Certain operations produce lists. For example, we can divide a character string into pieces by "splitting" on a character using the method `split()`. This gives us a crude way to pull words from a string that represents a sentence.

In [None]:
line = "Could someone explain to me why if I tell my kids to 'learn to code' it’s likely sound parenting, but if I told a journalist the same it’s grounds for a @twitter suspension?"

# divide into substrings using the space character " " as a breakpoint -- this gives a rough division into words.
rough_words = line.split(" ")
print(rough_words,"\n")

print("There are roughly", len(rough_words), "words in this tweet.")

Explain here what might be wrong with this approach to pulling words from text.



Finally, use "e" as a breakpoint to split the string. Make sure you understand what happened here.

In [None]:
print(line.split("e"))

Make sure you understand lists. Create one and try out forming subsets, changing values and so on.

In [None]:
# put your work here


**8. Higher-level objects: A DataFrame**

Let's start with a simplified version of a tweet. We'll look at the "source" or client the President used to author the tweet (a desktop or mobile phone, say), the time and day the tweet was posted to Twitter, and the number of retweets it received. So Each tweet consists of those three pieces of information. 

We will store each tweet as a list, where the first element is the source, the second is the date and the third is the retweet count. Then, in the cell below, we form a data set consisting of 6 tweets. We store each tweet (each list with the data for a tweet) in a list. Yes, a  **list of lists.**

In [None]:
times = [
    ["2019-01-30",2767],
    ["2019-01-29",20250],
    ["2019-01-28",37595],
    ["2019-01-27",9209],
    ["2019-01-26",7448],
    ["2019-01-25",8412],
    ["2019-01-24",6279],
    ["2019-01-23",970],
    ["2019-01-22",679],
    ["2019-01-21",540],
    ["2019-01-20",474]
  ]

print(type(times))
print(len(times))

This is certainly a fine way to store the data. We can select information about the third tweet by "subsetting" just the third row, say.

In [None]:
times[2]

# why 2?

We will, from time to time, make our data sets "by hand" like this, so it's worth seeing how it might be done.

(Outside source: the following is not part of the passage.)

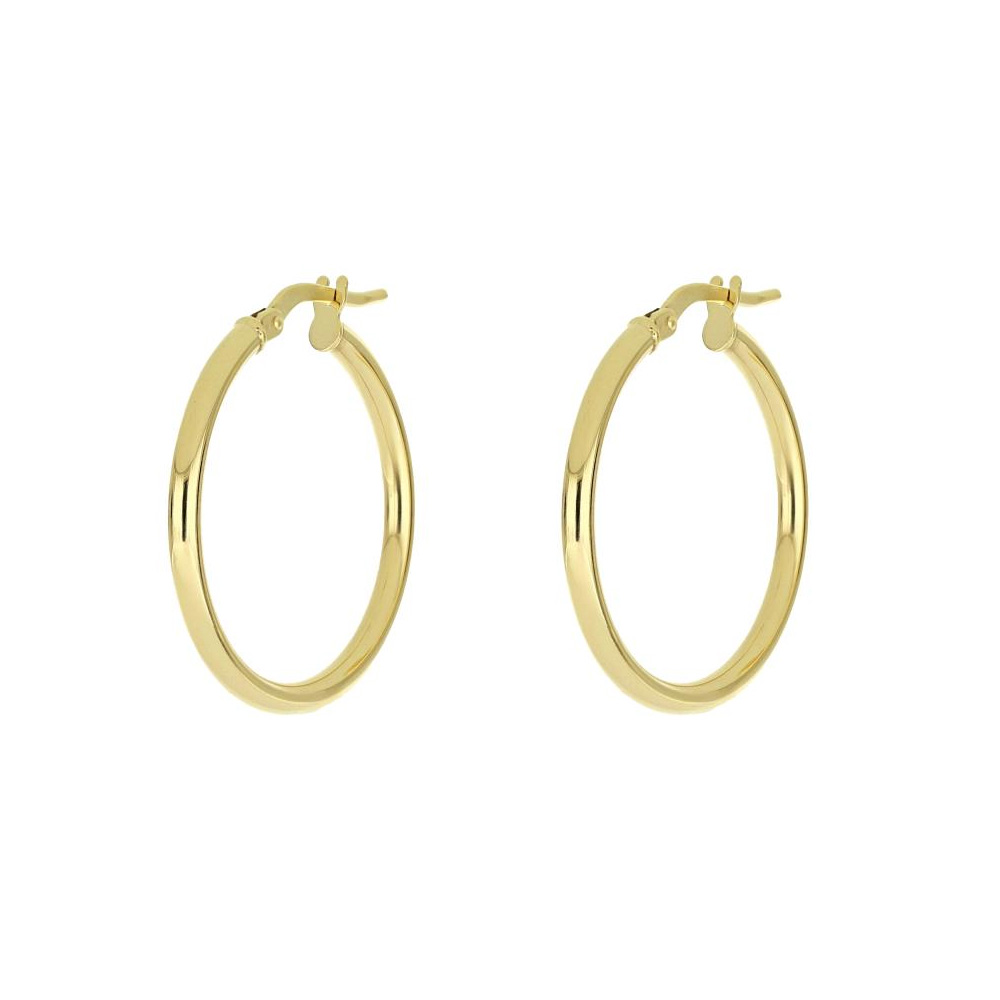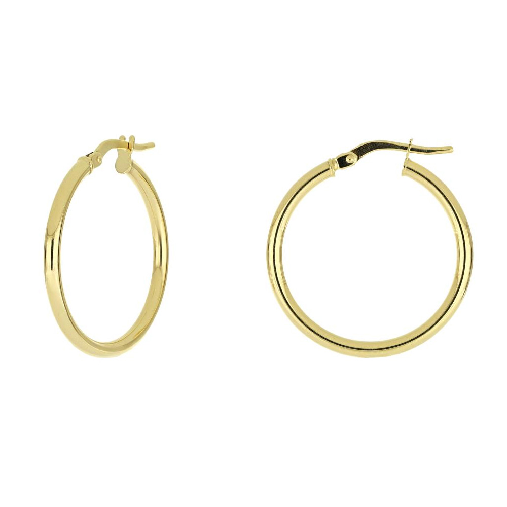 Orecchini da donna a cerchio in Oro Giallo titolo 375 (9 carati) lisci dal diametro di 2.5 cm.

Our data format, the list of lists, is trying really hard to create essentially a **table**. That is, a grid of data, where each row refers to a time period and then each column refers to either the timestamp or the tweet count for the meme. For our simple data above, that's 11 rows and 2 columns.

Interacting with even this simple data in this format is a little cumbersome. We can appeal to a higher-level object to create a proper table for us. You are probably familiar with Excel or some spreadsheet. These programs are all about tables. In Python, the answer to Excel (or a popular answer) is a so-called Pandas **DataFrame**. Pandas refers to a package contributed by a Python developer who wanted to make working with tabular data easier. 

[You can read more about Pandas here](http://pandas.pydata.org/)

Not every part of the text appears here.